3. No Warning, No Flush: applies to squeamish family members, long- or short-term significant others, and humorless close friends (although I doubt the closeness of any friend I can't pee in front of). You do your thing. You hope they don't hear you. If they do hear you, your squeamish mother will scold you for disrespecting her on the phone, your short-term love will leave you for being crude, your long-term love will remind you what s/he told you before about peeing on the phone, and your friends will wonder what they did to deserve this. But whatever happens, don't forget to flush later, after you've hung up. Otherwise, grossness ensues.
4. Options Offered: applies to generic friends. This is the old standby: "I gotta go -- you wanna come with, or you wanna hold, or you want me to call you back?" I mean really, at this point, they're imagining you on the toilet anyway so they might as well say "take me with you," but there's always going to be that one friend who just can't handle the intimacy, so you have to call him or her back. Whatever. Take your time. Wash your hands thoroughly. Use some hand lotion. Clean your room. Make a sandwich. Then get back on the phone.
5. Hold It and Squeeze: applies to job interviews, your pastor, your boss, the person from the phone company who put you on hold. Sorry, there's just no getting around it. Best of luck to you . . .

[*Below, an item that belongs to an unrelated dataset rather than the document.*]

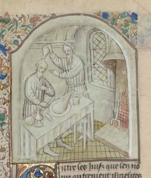 Parigi, Bibliothèque interuniversitaire Sainte-Geneviève, 1128, f. 38v. Samuele consacra Saul re ungendogli il capo con l'olio santo.
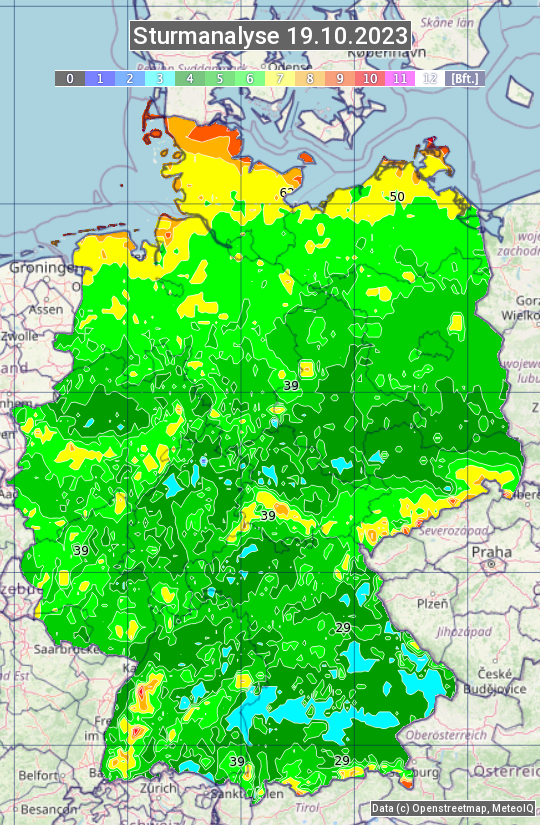Die Sturmanalyse vom 19.10.2023 zeigt die maximalen Windböen des Tages. Die Angabe erfolgt als Windstärke in Beaufort.

And a small caveat to all of the above categories:
6. Public Restroom Restriction: DO NOT talk on the cell phone while squatting on the can in a public restroom. Your gabbing in the stall next door is ruining my concentration or relaxation, whatever the case may be. The echo off the linoleum walls is excruciatingly loud. The other people in the restroom don't care about your new shade of lipstick or the mean thing that Bobby said to you the other night at your second cousin's wedding in New Jersey. Please, I beg you, just don't do it.
In conclusion, I think our dinner conversation topics are very bizarre. Thank you.